◆ YOUR TASK ◆
The line containing "キャラのスキンによってセリフも違ったりクリスマスカードの 背景も違うんだね アネモネの中で好きなセリフは全部と言いたいけど" marks where to begin. Write out that line and every line after it exactly, through the last line below.

◆ RECORDS FOR THIS EXERCISE ◆
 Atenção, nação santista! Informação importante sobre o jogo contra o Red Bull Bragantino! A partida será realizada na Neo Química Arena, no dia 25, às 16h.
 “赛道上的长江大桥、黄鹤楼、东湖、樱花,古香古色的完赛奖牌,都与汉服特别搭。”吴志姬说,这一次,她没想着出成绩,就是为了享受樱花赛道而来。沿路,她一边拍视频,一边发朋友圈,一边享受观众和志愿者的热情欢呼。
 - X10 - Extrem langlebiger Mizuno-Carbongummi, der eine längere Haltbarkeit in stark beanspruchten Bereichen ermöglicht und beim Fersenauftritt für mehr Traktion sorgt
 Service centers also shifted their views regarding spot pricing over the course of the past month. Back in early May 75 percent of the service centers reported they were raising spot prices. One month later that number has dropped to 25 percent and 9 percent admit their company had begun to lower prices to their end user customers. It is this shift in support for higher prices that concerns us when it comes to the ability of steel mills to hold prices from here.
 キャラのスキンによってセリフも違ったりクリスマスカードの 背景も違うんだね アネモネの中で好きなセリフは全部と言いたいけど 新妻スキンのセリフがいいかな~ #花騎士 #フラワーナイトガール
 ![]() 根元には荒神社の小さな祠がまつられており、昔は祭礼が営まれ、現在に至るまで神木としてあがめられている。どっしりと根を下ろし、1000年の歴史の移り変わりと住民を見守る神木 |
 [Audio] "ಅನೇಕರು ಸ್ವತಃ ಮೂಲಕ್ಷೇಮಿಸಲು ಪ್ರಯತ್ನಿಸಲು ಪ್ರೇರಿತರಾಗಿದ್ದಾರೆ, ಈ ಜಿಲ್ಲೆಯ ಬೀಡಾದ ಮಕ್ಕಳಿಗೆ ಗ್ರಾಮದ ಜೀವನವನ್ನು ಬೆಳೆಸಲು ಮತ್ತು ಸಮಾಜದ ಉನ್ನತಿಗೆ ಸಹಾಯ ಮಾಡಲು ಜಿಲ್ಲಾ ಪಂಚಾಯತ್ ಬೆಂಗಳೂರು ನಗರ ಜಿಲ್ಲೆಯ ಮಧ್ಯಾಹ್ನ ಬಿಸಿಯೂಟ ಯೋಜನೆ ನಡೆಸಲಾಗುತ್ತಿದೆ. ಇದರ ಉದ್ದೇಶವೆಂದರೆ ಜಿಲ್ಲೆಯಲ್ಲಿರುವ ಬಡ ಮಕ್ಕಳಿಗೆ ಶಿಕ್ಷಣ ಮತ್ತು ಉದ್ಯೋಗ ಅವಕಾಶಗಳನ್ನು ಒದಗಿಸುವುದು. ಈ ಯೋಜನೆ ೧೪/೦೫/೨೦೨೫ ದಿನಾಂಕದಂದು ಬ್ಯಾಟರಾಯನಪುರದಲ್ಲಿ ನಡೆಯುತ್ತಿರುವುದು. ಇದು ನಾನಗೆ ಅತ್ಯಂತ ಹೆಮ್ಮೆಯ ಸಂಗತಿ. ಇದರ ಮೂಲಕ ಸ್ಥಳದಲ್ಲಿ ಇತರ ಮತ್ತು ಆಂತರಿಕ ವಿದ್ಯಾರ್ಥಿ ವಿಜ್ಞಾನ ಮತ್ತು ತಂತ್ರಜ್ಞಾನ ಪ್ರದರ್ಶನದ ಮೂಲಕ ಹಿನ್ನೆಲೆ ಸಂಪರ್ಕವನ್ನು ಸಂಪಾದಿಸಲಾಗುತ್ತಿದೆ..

◆ ANSWER FOR THIS EXERCISE ◆
 キャラのスキンによってセリフも違ったりクリスマスカードの 背景も違うんだね アネモネの中で好きなセリフは全部と言いたいけど 新妻スキンのセリフがいいかな~ #花騎士 #フラワーナイトガール
 ![]() 根元には荒神社の小さな祠がまつられており、昔は祭礼が営まれ、現在に至るまで神木としてあがめられている。どっしりと根を下ろし、1000年の歴史の移り変わりと住民を見守る神木 |
 [Audio] "ಅನೇಕರು ಸ್ವತಃ ಮೂಲಕ್ಷೇಮಿಸಲು ಪ್ರಯತ್ನಿಸಲು ಪ್ರೇರಿತರಾಗಿದ್ದಾರೆ, ಈ ಜಿಲ್ಲೆಯ ಬೀಡಾದ ಮಕ್ಕಳಿಗೆ ಗ್ರಾಮದ ಜೀವನವನ್ನು ಬೆಳೆಸಲು ಮತ್ತು ಸಮಾಜದ ಉನ್ನತಿಗೆ ಸಹಾಯ ಮಾಡಲು ಜಿಲ್ಲಾ ಪಂಚಾಯತ್ ಬೆಂಗಳೂರು ನಗರ ಜಿಲ್ಲೆಯ ಮಧ್ಯಾಹ್ನ ಬಿಸಿಯೂಟ ಯೋಜನೆ ನಡೆಸಲಾಗುತ್ತಿದೆ. ಇದರ ಉದ್ದೇಶವೆಂದರೆ ಜಿಲ್ಲೆಯಲ್ಲಿರುವ ಬಡ ಮಕ್ಕಳಿಗೆ ಶಿಕ್ಷಣ ಮತ್ತು ಉದ್ಯೋಗ ಅವಕಾಶಗಳನ್ನು ಒದಗಿಸುವುದು. ಈ ಯೋಜನೆ ೧೪/೦೫/೨೦೨೫ ದಿನಾಂಕದಂದು ಬ್ಯಾಟರಾಯನಪುರದಲ್ಲಿ ನಡೆಯುತ್ತಿರುವುದು. ಇದು ನಾನಗೆ ಅತ್ಯಂತ ಹೆಮ್ಮೆಯ ಸಂಗತಿ. ಇದರ ಮೂಲಕ ಸ್ಥಳದಲ್ಲಿ ಇತರ ಮತ್ತು ಆಂತರಿಕ ವಿದ್ಯಾರ್ಥಿ ವಿಜ್ಞಾನ ಮತ್ತು ತಂತ್ರಜ್ಞಾನ ಪ್ರದರ್ಶನದ ಮೂಲಕ ಹಿನ್ನೆಲೆ ಸಂಪರ್ಕವನ್ನು ಸಂಪಾದಿಸಲಾಗುತ್ತಿದೆ..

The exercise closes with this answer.